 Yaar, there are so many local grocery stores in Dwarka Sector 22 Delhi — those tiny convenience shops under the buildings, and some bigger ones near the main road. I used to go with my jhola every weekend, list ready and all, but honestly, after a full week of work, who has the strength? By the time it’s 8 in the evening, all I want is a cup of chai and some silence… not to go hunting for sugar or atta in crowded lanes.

*****

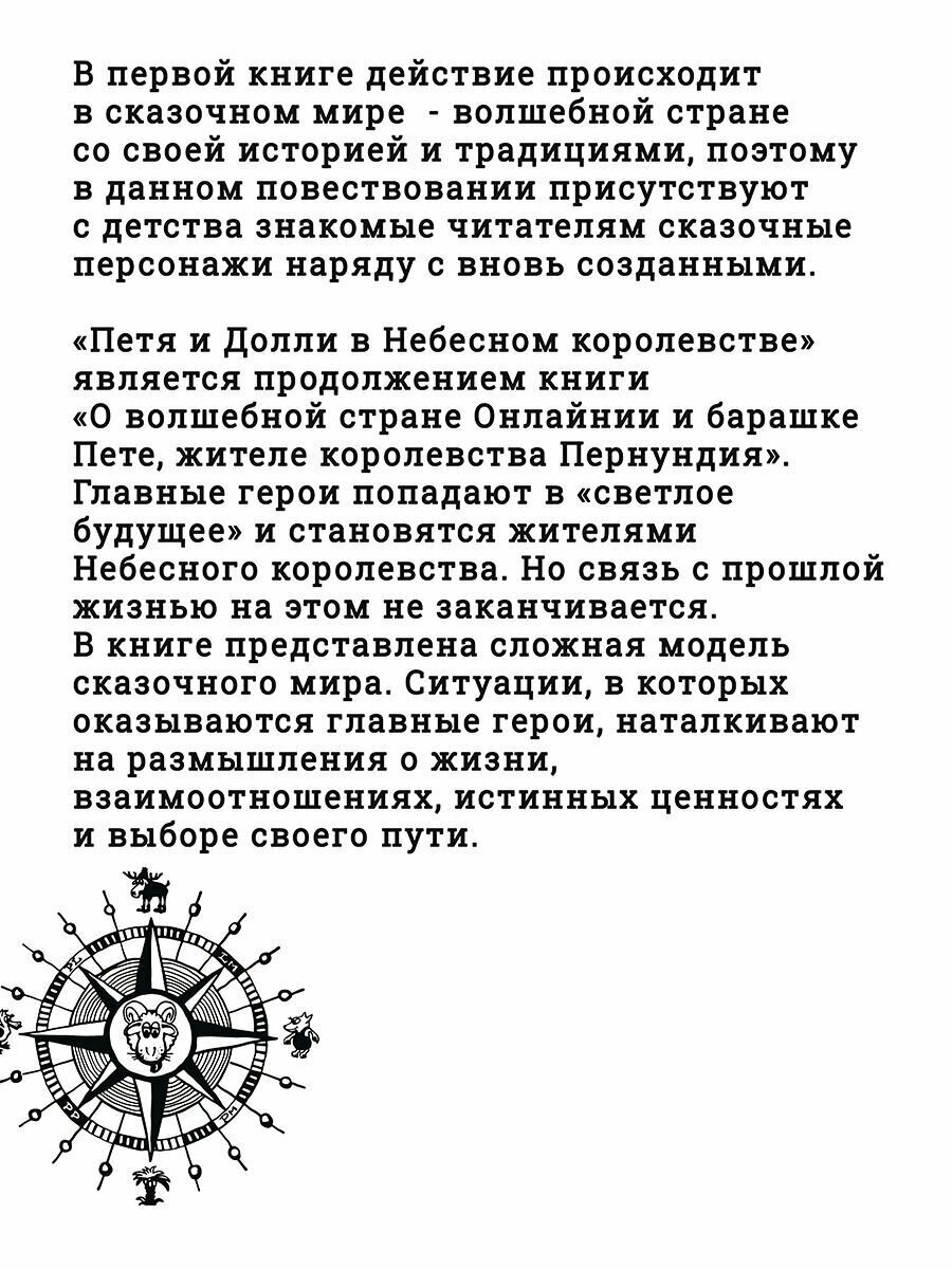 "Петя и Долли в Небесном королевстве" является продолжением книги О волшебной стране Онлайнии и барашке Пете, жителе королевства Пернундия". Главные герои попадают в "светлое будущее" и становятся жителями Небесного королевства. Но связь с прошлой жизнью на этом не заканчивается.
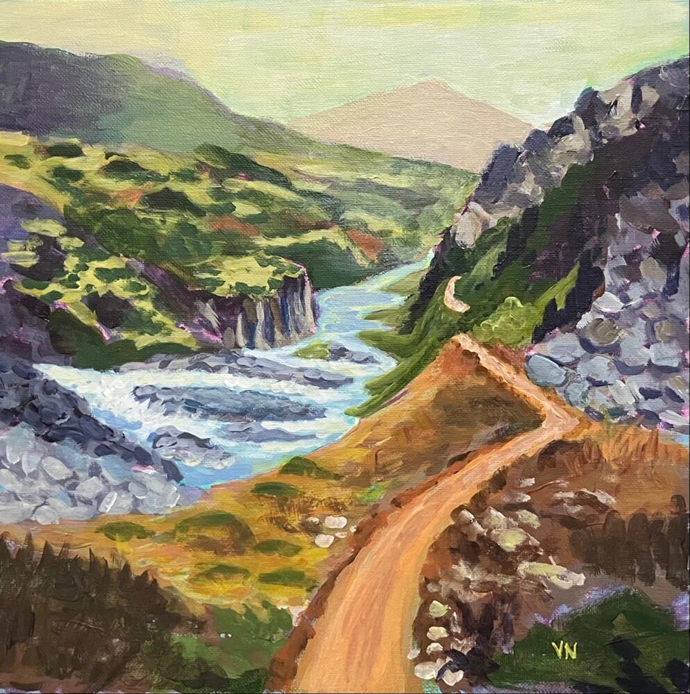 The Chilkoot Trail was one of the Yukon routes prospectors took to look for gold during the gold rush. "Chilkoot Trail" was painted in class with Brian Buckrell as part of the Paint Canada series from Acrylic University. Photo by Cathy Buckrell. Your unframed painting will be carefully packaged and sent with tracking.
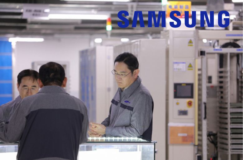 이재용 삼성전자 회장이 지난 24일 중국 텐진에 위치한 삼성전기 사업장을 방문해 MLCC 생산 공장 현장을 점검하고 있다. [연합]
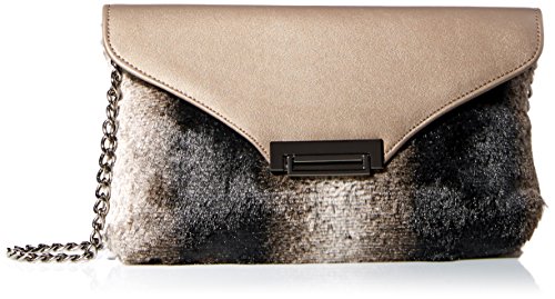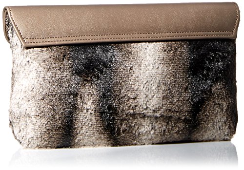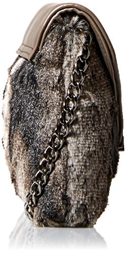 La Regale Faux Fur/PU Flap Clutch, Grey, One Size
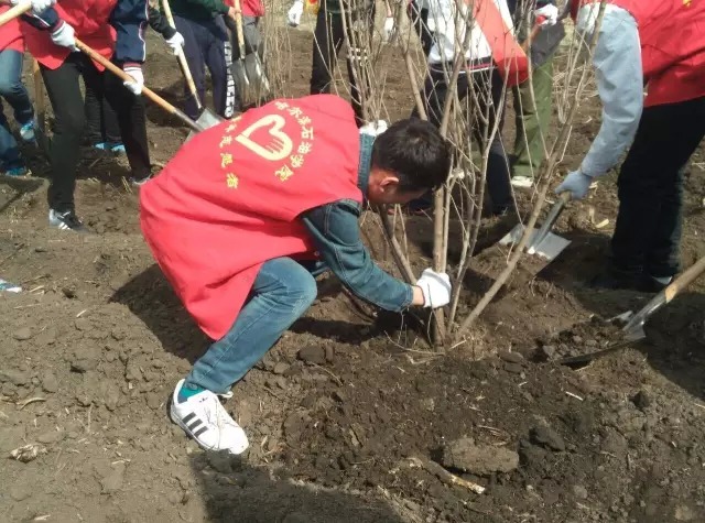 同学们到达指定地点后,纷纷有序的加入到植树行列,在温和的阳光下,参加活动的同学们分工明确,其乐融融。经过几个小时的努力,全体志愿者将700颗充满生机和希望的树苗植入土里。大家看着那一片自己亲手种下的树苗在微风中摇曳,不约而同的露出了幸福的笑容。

*****

Would you copy, word for word, only the lines above from the one containing "The Chilkoot Trail" through the one containing "同学们到达指定地点后,纷纷有", both included, and please leave out the pictures?

 The Chilkoot Trail was one of the Yukon routes prospectors took to look for gold during the gold rush. "Chilkoot Trail" was painted in class with Brian Buckrell as part of the Paint Canada series from Acrylic University. Photo by Cathy Buckrell. Your unframed painting will be carefully packaged and sent with tracking.
 이재용 삼성전자 회장이 지난 24일 중국 텐진에 위치한 삼성전기 사업장을 방문해 MLCC 생산 공장 현장을 점검하고 있다. [연합]
 La Regale Faux Fur/PU Flap Clutch, Grey, One Size
 同学们到达指定地点后,纷纷有序的加入到植树行列,在温和的阳光下,参加活动的同学们分工明确,其乐融融。经过几个小时的努力,全体志愿者将700颗充满生机和希望的树苗植入土里。大家看着那一片自己亲手种下的树苗在微风中摇曳,不约而同的露出了幸福的笑容。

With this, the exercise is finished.